SUPPLIED DATA

----

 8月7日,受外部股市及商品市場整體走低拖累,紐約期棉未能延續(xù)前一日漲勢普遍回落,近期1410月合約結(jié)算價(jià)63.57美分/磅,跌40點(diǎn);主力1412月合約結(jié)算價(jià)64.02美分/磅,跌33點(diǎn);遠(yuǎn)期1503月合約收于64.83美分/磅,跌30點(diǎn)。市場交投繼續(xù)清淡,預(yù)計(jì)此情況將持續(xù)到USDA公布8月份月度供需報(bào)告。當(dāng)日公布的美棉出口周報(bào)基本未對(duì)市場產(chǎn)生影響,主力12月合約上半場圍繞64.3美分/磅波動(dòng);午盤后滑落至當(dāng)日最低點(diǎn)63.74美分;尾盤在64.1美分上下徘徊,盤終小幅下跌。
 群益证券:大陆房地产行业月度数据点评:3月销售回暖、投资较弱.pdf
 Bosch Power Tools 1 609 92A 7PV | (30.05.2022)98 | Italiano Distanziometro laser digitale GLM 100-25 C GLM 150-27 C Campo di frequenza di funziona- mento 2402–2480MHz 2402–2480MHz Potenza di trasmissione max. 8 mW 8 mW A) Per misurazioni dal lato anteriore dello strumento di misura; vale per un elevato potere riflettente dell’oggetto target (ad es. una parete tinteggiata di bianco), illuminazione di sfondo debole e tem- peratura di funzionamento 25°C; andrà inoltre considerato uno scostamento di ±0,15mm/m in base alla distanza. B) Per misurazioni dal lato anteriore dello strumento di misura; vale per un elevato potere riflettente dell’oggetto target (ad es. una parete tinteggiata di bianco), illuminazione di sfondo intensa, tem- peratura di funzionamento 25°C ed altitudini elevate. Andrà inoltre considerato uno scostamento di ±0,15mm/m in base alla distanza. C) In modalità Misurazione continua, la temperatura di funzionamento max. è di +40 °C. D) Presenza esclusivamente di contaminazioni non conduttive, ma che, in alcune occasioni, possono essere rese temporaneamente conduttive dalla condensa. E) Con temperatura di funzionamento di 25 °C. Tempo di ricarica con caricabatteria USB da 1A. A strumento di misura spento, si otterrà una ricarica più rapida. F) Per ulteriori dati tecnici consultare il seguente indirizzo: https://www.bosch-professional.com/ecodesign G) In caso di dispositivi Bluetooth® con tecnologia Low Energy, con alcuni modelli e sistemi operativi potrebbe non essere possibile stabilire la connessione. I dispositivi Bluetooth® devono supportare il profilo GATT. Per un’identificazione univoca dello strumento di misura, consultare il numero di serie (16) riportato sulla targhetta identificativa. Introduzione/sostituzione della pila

----

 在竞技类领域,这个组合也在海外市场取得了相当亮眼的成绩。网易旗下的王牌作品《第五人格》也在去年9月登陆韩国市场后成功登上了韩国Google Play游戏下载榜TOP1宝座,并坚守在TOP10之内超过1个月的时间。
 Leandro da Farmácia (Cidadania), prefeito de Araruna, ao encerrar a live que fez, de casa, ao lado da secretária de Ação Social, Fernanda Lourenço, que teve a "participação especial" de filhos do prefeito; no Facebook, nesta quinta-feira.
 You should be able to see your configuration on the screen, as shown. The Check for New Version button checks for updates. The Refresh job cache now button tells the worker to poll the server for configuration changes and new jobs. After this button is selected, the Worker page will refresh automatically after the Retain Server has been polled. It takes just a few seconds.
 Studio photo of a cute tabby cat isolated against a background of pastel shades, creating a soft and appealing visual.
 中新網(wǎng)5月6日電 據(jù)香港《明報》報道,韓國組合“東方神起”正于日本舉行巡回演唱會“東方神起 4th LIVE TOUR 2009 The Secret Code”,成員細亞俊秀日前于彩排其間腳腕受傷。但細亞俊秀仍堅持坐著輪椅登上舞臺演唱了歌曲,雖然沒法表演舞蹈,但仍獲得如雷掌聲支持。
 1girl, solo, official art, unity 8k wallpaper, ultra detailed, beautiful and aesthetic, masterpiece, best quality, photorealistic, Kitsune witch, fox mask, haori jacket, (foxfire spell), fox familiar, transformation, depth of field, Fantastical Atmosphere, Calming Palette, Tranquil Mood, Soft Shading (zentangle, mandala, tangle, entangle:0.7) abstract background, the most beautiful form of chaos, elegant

----

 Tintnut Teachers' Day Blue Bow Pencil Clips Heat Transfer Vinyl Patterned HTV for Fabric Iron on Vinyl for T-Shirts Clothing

----

PROBLEM DESCRIPTION
What you give back should be only the lines of the records above, starting at the line with "在竞技类领域,这个组合也在海" and ending at the line with "1girl, solo, official", restated word for word.

ANSWER TO THIS TASK
 在竞技类领域,这个组合也在海外市场取得了相当亮眼的成绩。网易旗下的王牌作品《第五人格》也在去年9月登陆韩国市场后成功登上了韩国Google Play游戏下载榜TOP1宝座,并坚守在TOP10之内超过1个月的时间。
 Leandro da Farmácia (Cidadania), prefeito de Araruna, ao encerrar a live que fez, de casa, ao lado da secretária de Ação Social, Fernanda Lourenço, que teve a "participação especial" de filhos do prefeito; no Facebook, nesta quinta-feira.
 You should be able to see your configuration on the screen, as shown. The Check for New Version button checks for updates. The Refresh job cache now button tells the worker to poll the server for configuration changes and new jobs. After this button is selected, the Worker page will refresh automatically after the Retain Server has been polled. It takes just a few seconds.
 Studio photo of a cute tabby cat isolated against a background of pastel shades, creating a soft and appealing visual.
 中新網(wǎng)5月6日電 據(jù)香港《明報》報道,韓國組合“東方神起”正于日本舉行巡回演唱會“東方神起 4th LIVE TOUR 2009 The Secret Code”,成員細亞俊秀日前于彩排其間腳腕受傷。但細亞俊秀仍堅持坐著輪椅登上舞臺演唱了歌曲,雖然沒法表演舞蹈,但仍獲得如雷掌聲支持。
 1girl, solo, official art, unity 8k wallpaper, ultra detailed, beautiful and aesthetic, masterpiece, best quality, photorealistic, Kitsune witch, fox mask, haori jacket, (foxfire spell), fox familiar, transformation, depth of field, Fantastical Atmosphere, Calming Palette, Tranquil Mood, Soft Shading (zentangle, mandala, tangle, entangle:0.7) abstract background, the most beautiful form of chaos, elegant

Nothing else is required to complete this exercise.